There was evidence that plaintiff's house and another in the same vicinity on the line had been overflowed from the sewer in years past when the line would become stopped up. The city had knowledge or notice of such previous occurrences. The testimony of city employees was that in the event of the line becoming stopped up at a point below a house there was no way to prevent overflow into the house except by there being a manhole present which was at a lower elevation that the commode or another outlet in the house. Such condition was explained by the premise that impounded water seeks its own level.
To the complaint, appellant first filed what was termed a plea in abatement. This plea was of the statute of limitations and was in fact a plea in bar. The plea was that the suit was barred by a one year statute of limitations. Demurrer to the plea was sustained.
Demurrer to the complaint was then filed and was overruled. Again, the plea of the one year statute of limitations was filed. Demurrer thereto was again sustained. The rulings of the court as to each of these pleas and to the demurrer to the complaint are assigned as error. We will dispose of these assignments first.
The injury to plaintiff's house occurred on May 3, 1968. Suit was filed on February 27, 1970, more than one year after the injury but less than six years. It is appellant's contention that the cause of action set out in the complaint, though alleging a willful or wanton act, is in fact one of trespass on the case rather than in trespass. If such is true and the statute of limitations is properly pleaded, it is barred by a one year limitation for beginning the action.
Tit. 7, § 21, 1940 Code of Alabama, as it applies to this case is as follows:
'The following must be commenced within six years:
'Actions for any trespass to real or personal property.'
Tit. 7, § 26, 1940 Code of Alabama, as applicable to this case is as follows:
'The following must be commenced within one year:
'Actions for any injury to the person or rights of another, not arising from contract, and not herein specifically enumerated.'
There is only one definition of commonlaw trespass. This is quoted in Louisville & Nashville Railroad Company v. Johns, 267 Ala. 261, 101 So.2d 265, from an unpublished opinion in Sibley v. Odum, 257 Ala. 292, 58 So.2d 896, as follows:
It seems to be commonly accepted among the bar that a count alleging a willful or wanton act is always a charge in trespass. Such is not literally true. To be a trespass there must be an act of direct force producing injury or damage. A wanton omission of duty to act is not a trespass. There is no direct force applied and the injury is not produced by application of force, but is consequential of an omission of a duty to act.

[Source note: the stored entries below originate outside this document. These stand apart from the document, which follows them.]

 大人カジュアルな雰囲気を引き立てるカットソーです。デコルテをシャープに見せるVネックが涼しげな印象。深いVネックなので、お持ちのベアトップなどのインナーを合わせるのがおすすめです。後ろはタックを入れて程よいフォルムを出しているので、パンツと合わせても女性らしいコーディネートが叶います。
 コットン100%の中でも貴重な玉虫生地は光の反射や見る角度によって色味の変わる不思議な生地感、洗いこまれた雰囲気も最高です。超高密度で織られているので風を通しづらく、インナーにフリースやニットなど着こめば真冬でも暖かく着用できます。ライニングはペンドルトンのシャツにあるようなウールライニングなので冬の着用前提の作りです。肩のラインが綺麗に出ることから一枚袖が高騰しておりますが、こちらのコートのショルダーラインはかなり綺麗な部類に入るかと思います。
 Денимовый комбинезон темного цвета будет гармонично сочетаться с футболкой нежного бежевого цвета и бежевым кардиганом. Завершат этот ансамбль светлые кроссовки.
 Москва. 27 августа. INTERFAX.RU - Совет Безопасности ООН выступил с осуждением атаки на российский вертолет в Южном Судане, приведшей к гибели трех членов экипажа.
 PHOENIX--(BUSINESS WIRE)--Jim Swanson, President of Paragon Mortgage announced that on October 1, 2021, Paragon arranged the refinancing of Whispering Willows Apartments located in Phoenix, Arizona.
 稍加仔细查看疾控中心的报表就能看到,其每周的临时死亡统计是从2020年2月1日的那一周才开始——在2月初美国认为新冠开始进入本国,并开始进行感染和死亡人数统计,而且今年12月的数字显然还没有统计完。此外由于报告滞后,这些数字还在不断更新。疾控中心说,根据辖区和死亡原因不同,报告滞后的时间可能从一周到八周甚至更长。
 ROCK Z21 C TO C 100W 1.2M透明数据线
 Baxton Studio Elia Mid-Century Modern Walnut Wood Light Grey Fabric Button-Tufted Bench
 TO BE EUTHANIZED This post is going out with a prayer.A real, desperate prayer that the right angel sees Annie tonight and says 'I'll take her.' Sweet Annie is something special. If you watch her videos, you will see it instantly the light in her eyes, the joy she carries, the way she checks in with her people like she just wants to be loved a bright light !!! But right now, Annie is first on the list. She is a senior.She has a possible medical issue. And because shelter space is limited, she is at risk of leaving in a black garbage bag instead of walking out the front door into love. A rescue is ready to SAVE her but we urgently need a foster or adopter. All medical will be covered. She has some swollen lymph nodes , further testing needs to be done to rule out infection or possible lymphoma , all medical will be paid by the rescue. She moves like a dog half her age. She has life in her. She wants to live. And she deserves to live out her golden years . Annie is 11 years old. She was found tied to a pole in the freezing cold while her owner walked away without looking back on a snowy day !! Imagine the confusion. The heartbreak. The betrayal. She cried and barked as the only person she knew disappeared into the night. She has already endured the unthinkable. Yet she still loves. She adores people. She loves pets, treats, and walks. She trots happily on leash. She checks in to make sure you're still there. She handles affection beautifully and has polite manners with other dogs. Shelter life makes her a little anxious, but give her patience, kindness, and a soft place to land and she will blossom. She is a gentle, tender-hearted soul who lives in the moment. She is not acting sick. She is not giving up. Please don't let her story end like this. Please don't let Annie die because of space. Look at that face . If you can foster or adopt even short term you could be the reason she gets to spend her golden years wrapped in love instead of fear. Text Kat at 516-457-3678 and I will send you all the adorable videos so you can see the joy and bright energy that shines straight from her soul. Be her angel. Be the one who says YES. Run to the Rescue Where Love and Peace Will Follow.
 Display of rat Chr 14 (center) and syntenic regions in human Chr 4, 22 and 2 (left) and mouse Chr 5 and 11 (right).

Wantonness has tended to become synonomous with trespass because it is usually connected with a direct application of force as in automobile collisions. From its legal definition in Alabama it may readily be seen it does not always amount to a trespass.
Water Works and Sanitary Sewer Board of City of Montgomery v. Norman, 282 Ala. 41, 46, 208 So.2d 788.
Tit. 7, § 21, of the Code requires that there be an action in trespass before the six year limitation upon suit may be applied.
Some confusion has been injected by the following statement in Doucet v. Middleton, 5 Cir., 328 F.2d 97, 101 (1964):
'The Supreme Court of Alabama in the Johns case, supra, and the Legislature of Alabama in enacting what is now section 176 of Title 7 of the Code of Alabama clearly recognized that an action against a defendant for a willful or wanton injury committed by the defendant himself was in trespass and was covered by the six year statute of limitations. . . .'
This statement as applied to the facts in Doucet is correct. There was a trespass committed.
We do not agree with a literal construction of this statement. The Supreme Court in the Johns case, supra, made no such pronouncement, but defined clearly the basis of an action of trespass as we have previously indicated herein. We state again that it is not the descriptive words 'willful or wanton' which determine an act to be in trespass, but whether the act producing injury was one of application of direct force. We comment that this construction is based upon well defined principles of common law and of the legislative designation of the applicable statute of limitations. We may not approve of it, but we are bound to so interpret and apply it until it is changed by proper authority.
Thus it appears clear that Count Two of the complaint alleging responsibility of defendant to arise from the act of an agent, servant or employee while acting within the line and scope of his employment under the principle of Respondent superior, though alleged to be wanton, is an action in case and thus barred by a limitation of one year.
Tit. 7, § 176(1)--(6), Code of Alabama 1940, as amended, has no application here as Count Two is not the form of action authorized therein.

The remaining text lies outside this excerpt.